The tree is an Parse::Stallion object having a function, that converts a tree into a string, each node consisting of one line:
$parse_info->{tree}->stringify({values=>['name','parse_match']});
Internally generated node names, from rules generated by breaking up the entered rules into subrules, will show up. The module Parse::Stallion::EBNF shows the grammar with these generated subrules.
NUMBER OF PARSE STEPS
If the parsing reaches the maximum number of steps without completing a parse tree, the parse fails.
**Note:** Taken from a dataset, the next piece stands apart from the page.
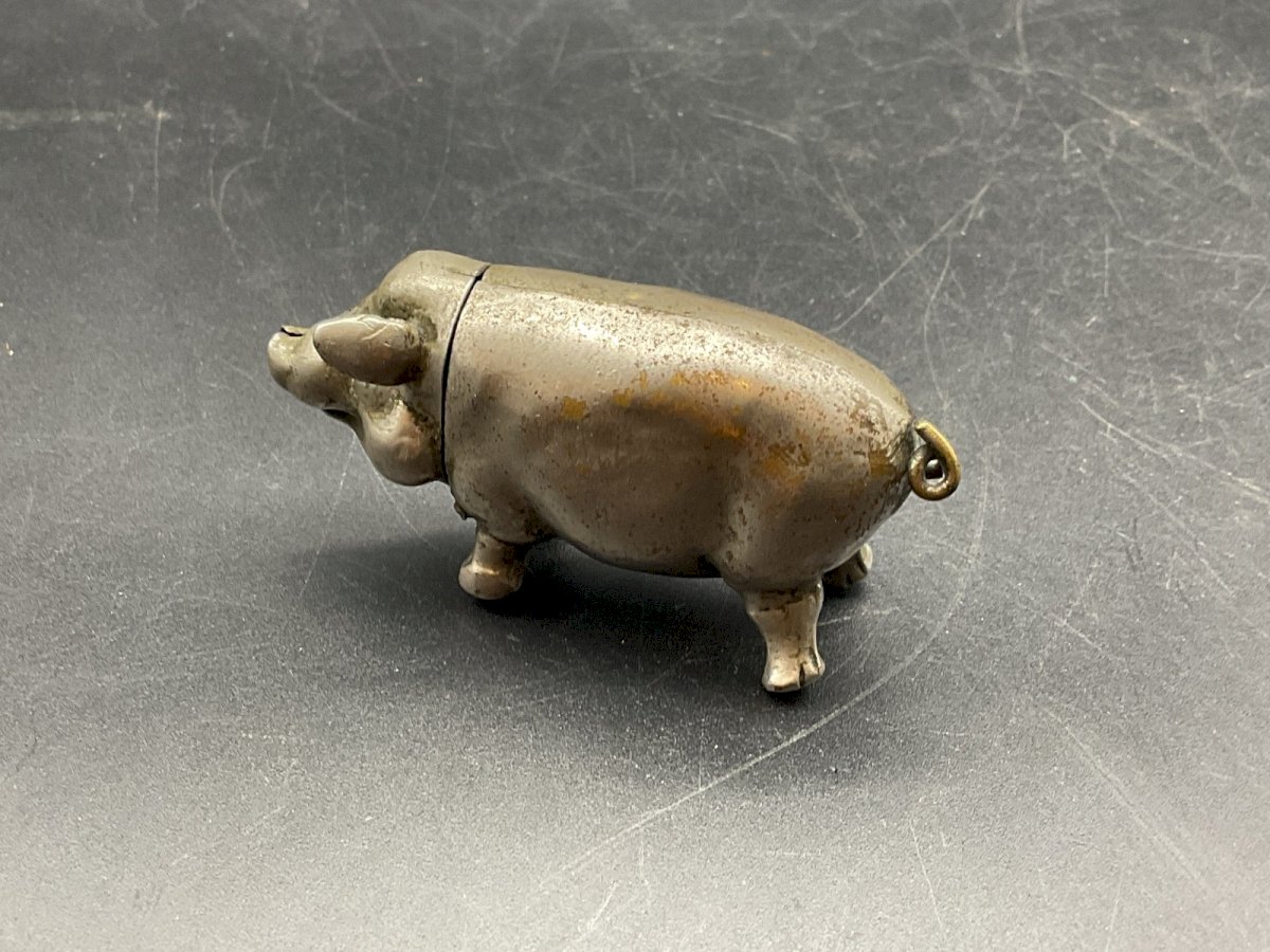 Pyrogene pocket matchbox late 19th century pig Condition: Used: Item that has been used. Please consult the seller's description for more details... Used: Item that has been used. any potential imperfections. Period: Antique (before 1900) Type: Pyrogene Country of manufacture: France Style: Sculpted, Engraved Material: metal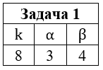 • Задача 1. Одновременно подбрасывают две игральные кости. В вариантах 1-10 найти вероятность того, что сумма выпавших очков: 1) равна k; 2) меньше k+1; 3) больше k-1; 4) заключена в промежутке [α;β]. В вариантах 11-30 найти вероятность того, что произведение выпавших очков: 1) равна k; 2) меньше k+1; 3) больше k-1; 4) заключена в промежутке [α;β].

Each step is listed in the parse_trace.
A step is an action on a node, roughly speaking matching a regex for a 'leaf' node, or moving forward or backtracking from a node.
The maximum number of steps can be changed, default 20,000:
$stallion->parse_and_evaluate({max_steps=>100000, parse_this=>$string});
"LEFT RECURSION"
Parse::Stallion may encounter "left recursiveness" during parsing in which case the parsing stops and a message is 'croak'ed.
"Left recursion" occurs during parsing when the same non-'leaf' rule shows up a second time on the parse tree with the at the same position in the input string.
Illegal Case 1:
expression => AND('expression', 'plus', 'term')
Illegal Case 2:
rule_with_empty => AND('empty', 'rule_with_empty', 'other_rule')
empty => qr//
Illegal Case 3:
rule_with_optional => AND('nothing', 'optional_rule', 'nothing')
nothing => AND('empty')
empty => L(qr//)
optional_rule => OPTIONAL('some_other_rule')
some_other_rule => qr/x/
The 3rd case will detect left recursiveness if optional_rule does not match and modify the input.
EVALUATION
Evaluation can occur during or after parsing.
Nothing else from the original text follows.